My hot tip if you want to catch more natives around Canberra - fish at night ;-)


----------



## punchanello (Oct 6, 2011)

Some great recommendations. Thanks.

Squidder, I have a few of those you mention or similar. Will give it a go with a bit more confidence.


----------



## koich (Jul 25, 2007)

Seriously, dusk til dawn and wind slow.


----------



## 4weightfanatic (May 19, 2011)

Lures with more of an exaggerated roll rather than a tight shimmy like alot of bream lures and as said slow roll winding. This is not to say bream lures won't work as I reckon a suspending lure jiggled by a snag would surely tempt fish. You'd have no problems with you bream gear unless you encounter a big cod in the sticks but even then you can get lucky and land them. Here's a pic of a Mary River Cod caught on my bream gear a 702 Shimano Catana matched to a 1000 Sienna reel,10 lb fireline,10 lb Maxima leader on a homemade lure. Luckily he was hooked outside his mouth as his rasping teeth may have worn through the leader. As far as colours for lures combos of black/purple, black/gold, black/red/orange or yellow, Black/green. Cheers Pat


----------



## flyonline (Sep 29, 2011)

There's no such thing as too slow for natives as long as the lure is working. If you're getting follows and no hits, give the lure a twitch so that it kicks sideways and pause (slow risers/suspenders work best for this), I usually throw a few of these in anyway even if I can't see the lure. Keep casting to the same area if you've seen a fish, or you think there should be one there - I've had perch follow a lure in and then sit below me and then hit the 10th cast past them like there was no tomorrow. Natives can ghost into picture from nowhere so always keep an eye out as they sometimes come at 90deg to the retrieve.

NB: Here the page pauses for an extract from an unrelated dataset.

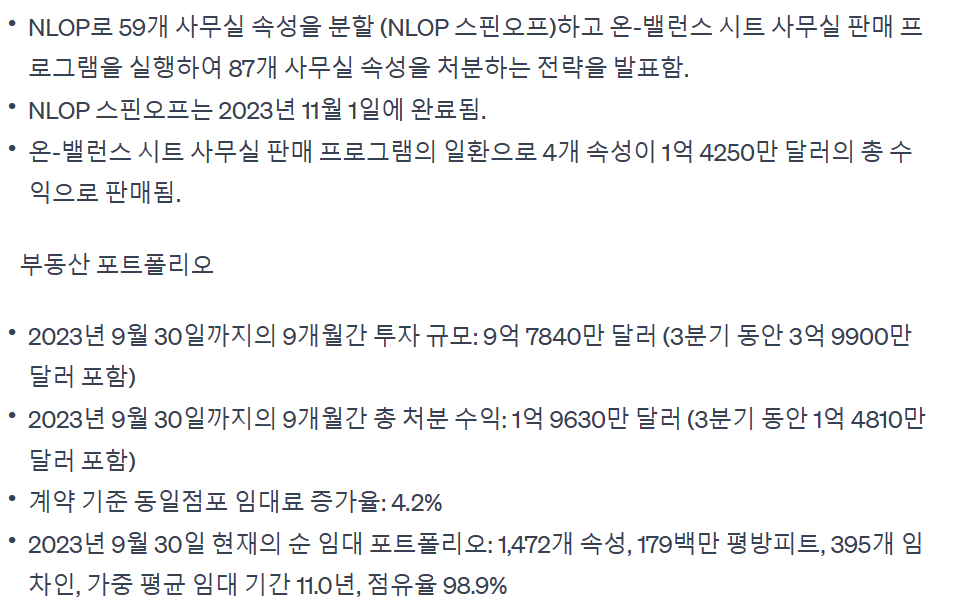 - 2023년 3분기 AFFO는 주당 1.32달러로 하락, 2024년 AFFO 예상 범위는 4.60달러에서 4.80달러.(24년: 분기당 1.2달러 수준의 AFFO 전망, 오피스 자산 매각 및 분사에 따른 AFFO 하락)
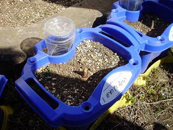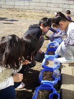 1年生が来年度の1年生へのプレゼントとして植えたチューリップの球根を、観察しました。少しだけ出てきた芽を見つけると、どの子もとても嬉しそうでした。

Personally I prefer to use aussie products such as stumpjumpers, oargees etc. as they're designed for our conditions and fish and help local companies. Favourite colors are anything neutral (green/yellow etc.) and prey specific (small reddies/carp/yabbies etc.). If you're going out at night, take some surface paddlers and walk them slowly over weedbeds, under overhaning branches etc. and hang on! Size wise, I'd start with smaller (~60mm) if there is the possability of reddies/trout and go up from there - a no. 2.5 stumpy in redfin color would be my desert island lure.

Steve


----------



## wetbeaver (Nov 26, 2011)

punchanello, you should purchase the spring issue magazine of fishing australia, spring edition
it has ben godfrey on the front cover holding a golden trevally.

it has an artical on canberra's urban lakes part 2. with andrew mcgovern a local and good fisho. it has lake burly grifin and tuggernong, with your breeds and approaches to the fish, and lure selections.

im pritty sure that part 1 was in the winter issue.


----------